TASK DETAILS: Every line from the one holding "по вязанию крючком" through the one holding "The image below shows" in the data below must be returned exactly, both ends included, with pictures left out and nothing else added.

DATA RECORDS:
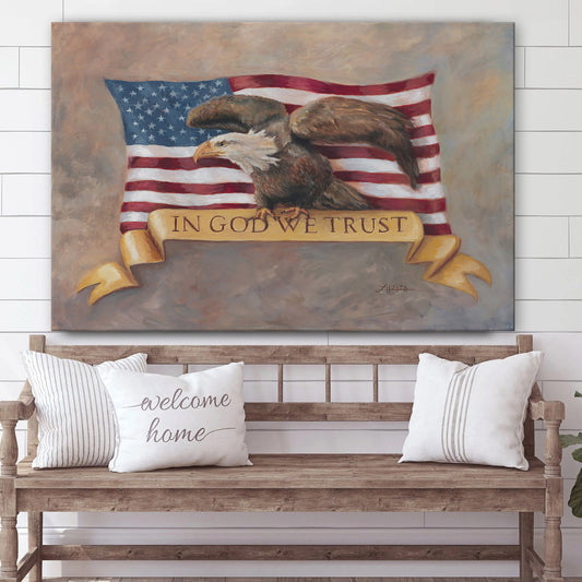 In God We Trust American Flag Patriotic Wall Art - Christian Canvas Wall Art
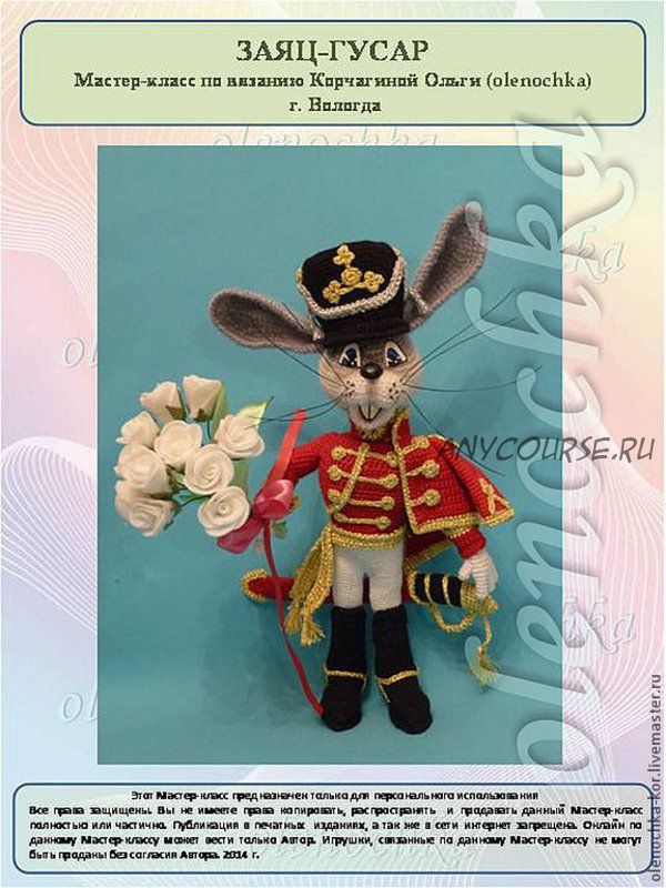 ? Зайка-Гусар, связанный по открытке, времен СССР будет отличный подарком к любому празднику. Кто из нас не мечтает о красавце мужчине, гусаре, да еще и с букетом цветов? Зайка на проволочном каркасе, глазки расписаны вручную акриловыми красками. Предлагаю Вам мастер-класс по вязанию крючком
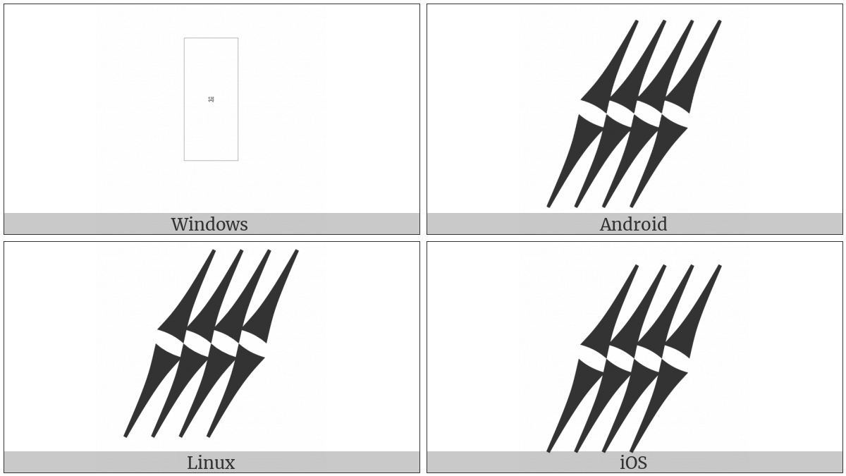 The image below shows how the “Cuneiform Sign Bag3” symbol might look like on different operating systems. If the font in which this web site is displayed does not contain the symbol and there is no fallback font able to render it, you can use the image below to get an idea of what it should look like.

...

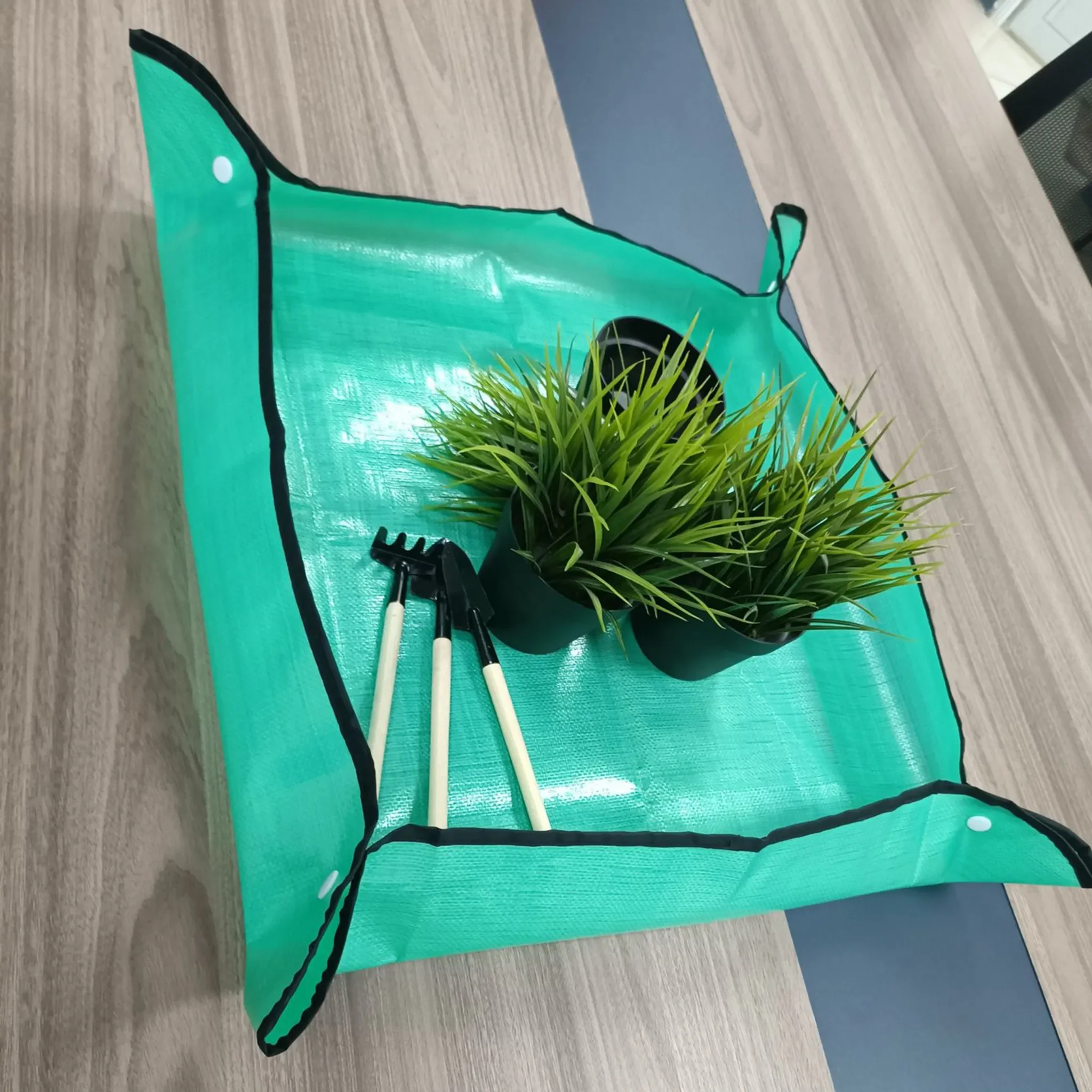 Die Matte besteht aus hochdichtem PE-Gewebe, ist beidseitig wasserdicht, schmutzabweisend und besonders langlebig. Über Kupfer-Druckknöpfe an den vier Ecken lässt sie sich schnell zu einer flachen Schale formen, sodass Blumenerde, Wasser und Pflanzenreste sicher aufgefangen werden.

SOLUTION BELOW:
 ? Зайка-Гусар, связанный по открытке, времен СССР будет отличный подарком к любому празднику. Кто из нас не мечтает о красавце мужчине, гусаре, да еще и с букетом цветов? Зайка на проволочном каркасе, глазки расписаны вручную акриловыми красками. Предлагаю Вам мастер-класс по вязанию крючком
 The image below shows how the “Cuneiform Sign Bag3” symbol might look like on different operating systems. If the font in which this web site is displayed does not contain the symbol and there is no fallback font able to render it, you can use the image below to get an idea of what it should look like.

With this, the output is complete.